IRGC contributed to COVID-19 spread: experts

By Sultan al-Barei in Riyadh


A Mahan Air plane sits on the tarmac at Damascus airport. Experts say Iran has been using the privately-owned carrier to transport weapons, military equipment and foreign fighters to various conflict zones in the Middle East. [Photo courtesy of Mohammed al-Abdullah]

By circumventing official border crossings and procedures to move militiamen across the region, Iran's Islamic Revolutionary Guard Corps (IRGC) may have accelerated the spread of novel coronavirus (COVID-19), experts said.

"The IRGC transports militants of all nationalities to Syria and Iraq aboard civilian aircraft and via land and sea in illegal ways," Iranian affairs researcher Sheyar Turko told Al-Mashareq.

Many of these militiamen are transported under the radar, either via illegal crossings or without being subjected to official government procedures, he said.

"Groups of recruits from the Gulf region and Arab countries also travel to Iran, Iraq or Lebanon to undergo military training at IRGC camps without getting their passports stamped on arrival or departure," Turko said.

This failure to follow established procedure is "to maintain the secrecy of their affiliation and keep the local authorities from finding out about their visits to those camps", he said.

"Other means include infiltration by sea in speedboats, through land crossings in military convoys or aboard buses and Iranian flights" which are known to have circumvented security checks in Syria, Lebanon and Iraq, he said.

Skirting health screening

To prevent the spread of COVID-19, many countries have put in place "strict medical screening procedures at their borders and land, sea and air ports", said Saudi Ministry of Health field official Dr.

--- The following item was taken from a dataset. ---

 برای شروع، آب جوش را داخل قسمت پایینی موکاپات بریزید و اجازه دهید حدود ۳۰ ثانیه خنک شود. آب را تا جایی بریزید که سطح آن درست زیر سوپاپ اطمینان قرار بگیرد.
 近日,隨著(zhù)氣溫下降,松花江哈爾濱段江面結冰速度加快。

Jamil al-Masoudi.

The aim is to identify travelers who are infected or exhibiting symptoms of a possible infection in order to take the necessary actions, such as treatment, monitoring or quarantine, he told Al-Mashareq.

By skirting such procedures, the IRGC's movements in the Middle East and the Gulf states "put the health security of those countries in certain risk", he said.

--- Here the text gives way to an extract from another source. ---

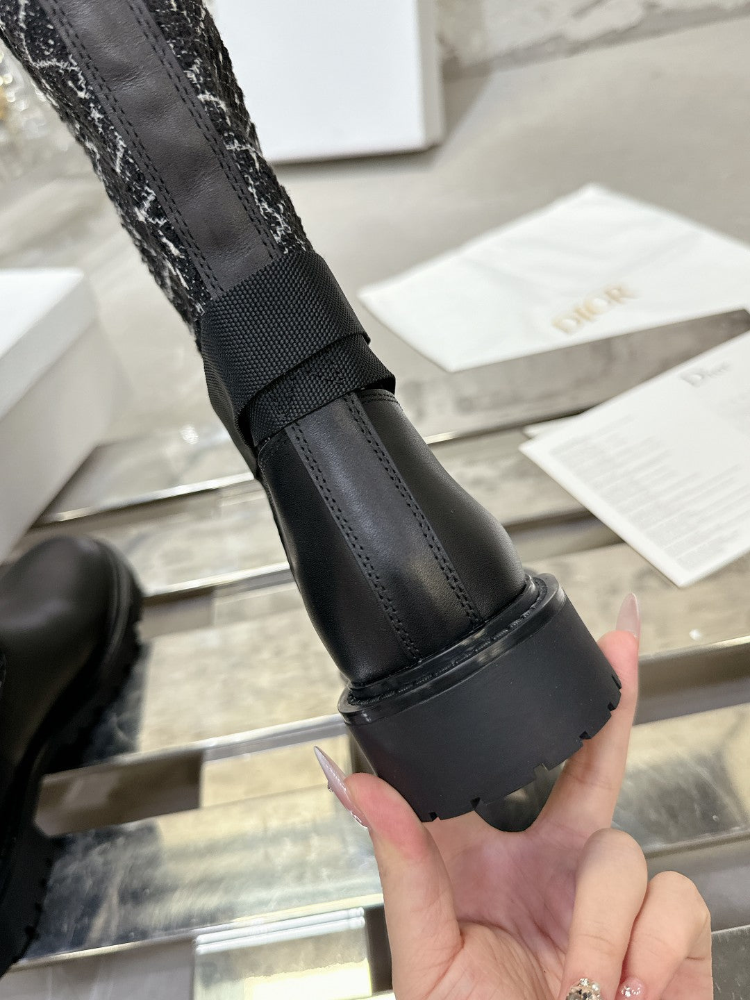 D-Major Boot In Black Mix White Denim Fabric 100564

He noted that "the IRGC uses its own means of transportation to move conscripts and militants between Iran and other countries where it has affiliates, such as Iraq, Lebanon and Syria".

This increases the likelihood that the virus will spread through the region, undetected, and "will be transmitted from one person to dozens of others", he said.

Another factor that may be contributing to the regional spread of the virus are the "visits made by some of the conscripts and militiamen to sacred sites, which are very densely populated areas", he said.

Al-Masoudi accused Iran of handling the coronavirus outbreak "with gross negligence, which led to it spreading on a wide scale in all Iranian provinces".

"The authorities kept quiet about the number of infections and fatalities until after the conclusion of the parliamentary elections," he said.

This delay in reporting enabled the virus to spread on a wide scale, he noted.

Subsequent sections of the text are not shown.